Have AI’s four horsemen arrived?
The four horsemen of the Apocalypse are Conquest, War, Famine, and Death. Artificial intelligence (AI) has ‘Conquered’; in the Middle East, ‘War’ is underway and could take years to resolve, and changes afoot in enterprise-level AI spending would be akin to ‘Famine’ for AI hyperscalers that have spent trillions on scaling out the technology. All that awaits is the ‘Death’ of the AI bubble.

Consider these four observations:
- 23 May 2026, Rapid Response Podcast: Uber COO, Andrew Macdonald, says spending Uber’s entire AI budget in the first four months of the year, primarily on Claude Code, has not produced “more useful consumer features”. In other words, drawing a link between spend and revenue “is not there yet.” Meanwhile, Uber CEO, Dara Khosrowshahi said AI “Token Maxxing” has no connection to delivering genuinely valuable products.
- 29 May 2026, Axios reports that an AI consultant revealed that a client company had forgotten to set a usage cap on employee licenses for Claude, resulting in a US$500 million expenditure in just one month. As AI costs surge, businesses are feeling financial pressure, and senior execs are publicly questioning the yield from AI spend.
- Ask a Large Language Model (LLM) to answer a question, and about 100 tokens are used for every 75 words produced. But ask an AI agent to create a worker to follow a competitor’s announcements, to track property opportunities or to alert a fund manager to a new investment theme, and, according to analysis from U.S.-based SemiAnalysis, almost 100,000 tokens will be used even before an answer is generated.
- As quickly as AI has emerged, customer AI experimentation (which has triggered massive revenue increases for the likes of Anthropic, largely from tokenmaxxing leaderboards at Meta and Amazon) is now giving way to budgeted and considered token usage. The dreamers and builders are moving out, and the accountants are moving in. Enterprises that earlier embraced AI at all costs are publicly adopting a return on investment (ROI) lens.
Worryingly, this shift is occurring just as stock markets have turned hyper-exponential, and Private Equity valuations also reflect maximum hype.
Figure 1. General purpose technology (GPT) booms and busts, Gartner’s hype cycle

Source: Gartner
According to reports, NVIDIA CEO Jensen Huang, speaking at a recent employee meeting, discussed staff concerns about ‘running AI intensively every day, merely wasting tokens on superficial efforts without boosting productivity.’ His response is perhaps telling; He noted that when people encounter any new technology or tool, the initial period of experimentation or “unfamiliarity” produces “imperfect usage”, adding, what matters is taking the first step to embrace new technologies – “It’s fine to waste a little money, but never waste time.”

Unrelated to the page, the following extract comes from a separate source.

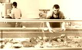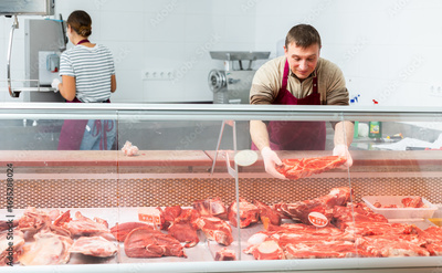 Butcher in an apron offers to buy fresh meat in the grocery store section

Huang’s words reflect the certainty of AI’s adoption, which I don’t contest. But will enough revenue from AI customers be generated to provide a reasonable return on the investment made by hyperscalers and data centre developers?

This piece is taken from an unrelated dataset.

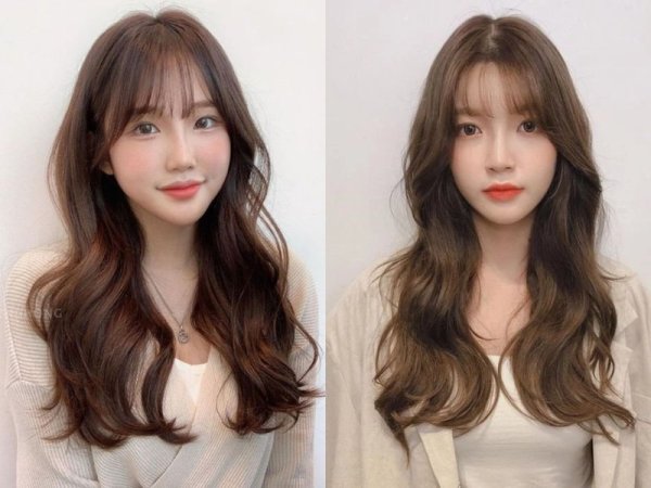 Tóc dài gợn sóng và mái thưa rất phù hợp với các bạn mặt vuông trán cao (Nguồn: Seoul Spa, Thời trang trẻ – Thanh niên) Bạn có thể nhuộm tóc để thêm phần trẻ trung và thời thượng (Nguồn: Tóc Đẹp 365, Dep365)Tóc layer uốn cúp kết hợp mái bay – kiểu tóc cho mặt vuông gò má cao

It would be unusual if this time is different
It might be worth remembering the words of journo Derek Thompson, who wrote in his November 4 newsletter, AI Could Be the Railroad of the 21st Century. Brace Yourself, “Memories are short, and prudence and natural risk aversion are no match for the dream of getting rich on the back of a revolutionary technology that “everyone knows” will change the world.

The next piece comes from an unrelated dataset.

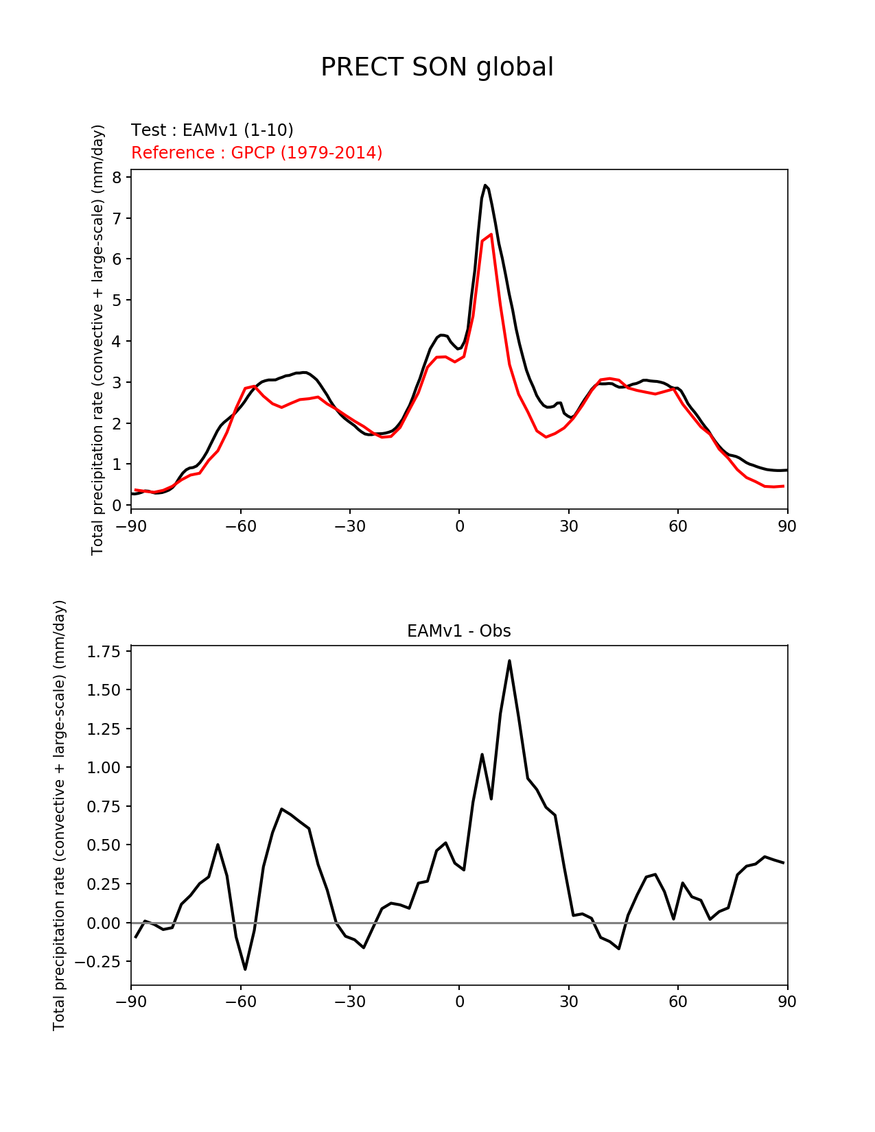 Use this command to recreate this image: | e3sm_diags --no_viewer --variables 'PRECT' --diff_colormap 'diverging_bwr.rgb' --test_data_path '/global/cscratch1/sd/plma/people/for_bryce/climo/v1_f2000/' --backend 'mpl' --canvas_size_h '1628' --reference_colormap 'cet_rainbow.rgb' --reference_data_path '/global/project/projectdirs/acme/acme_diags/obs_for_e3sm_diags/climatology/' --main_title 'PRECT SON global' --results_dir '/global/cscratch1/sd/beharrop/people/for_polun/EAMv1/' --regions 'global' --test_colormap 'cet_rainbow.rgb' --regrid_method 'conservative' --short_test_name 'EAMv1' --figsize '8.5' '11.0' --ref_name 'GPCP_v2.2' --run_type 'model_vs_obs' --regrid_tool 'esmf' --num_workers '64' --reference_name 'GPCP' --output_format 'png' --case_id 'GPCP_v2.2' --granulate 'variables' 'seasons' 'regions' 'plevs' --test_name 'v1_f2000' --seasons 'SON' --arrows --selectors 'sets' 'seasons' --diff_title 'EAMv1 - Obs' --sets 'zonal_mean_xy' --canvas_size_w '1212' --multiprocessing --dpi '150' |

The global railway mania of the 1800s bankrupted thousands of investors, wiped out hundreds of companies, but left nations with a rail network that powered a century of industrial dominance. Similarly, when the fibre-optics/internet/broadband boom of 1999 crashed in early 2000, it vaporised $US5 trillion in market value, but it also laid the wiring on which the Internet Age was built. Similar stores can be told about the electricity bubble, aviation, broadcast radio and automobiles.
Indeed, about three-quarters of General-Purpose-Technology (GPT) booms share a similar pattern of colossal over-investment, financial carnage through creative destruction, then lower prices and decades of productivity gains assembled on the residual infrastructure.
At the core of today’s AI boom is a GPT on the scale of electricity or the internet, and the infrastructure being built will support decades of economic activity. And unlike the Dot.Com bubble, the investment isn’t billions in speculative debt being loaned to ‘pre-revenue’ companies with no path to profitability. This time, the investment is coming (so far) mostly from companies with strong balance sheets. But beyond that core, the classic signs of every bubble are on display.
It would be unusual, given the great enthusiasm or hype, the high asset prices, the overbuilding, the uncertainty of future demand, indeed, the many elements that conform to past bubbles, if this boom doesn’t also conform to the pattern illustrated in Figure 1. it would indeed be a first.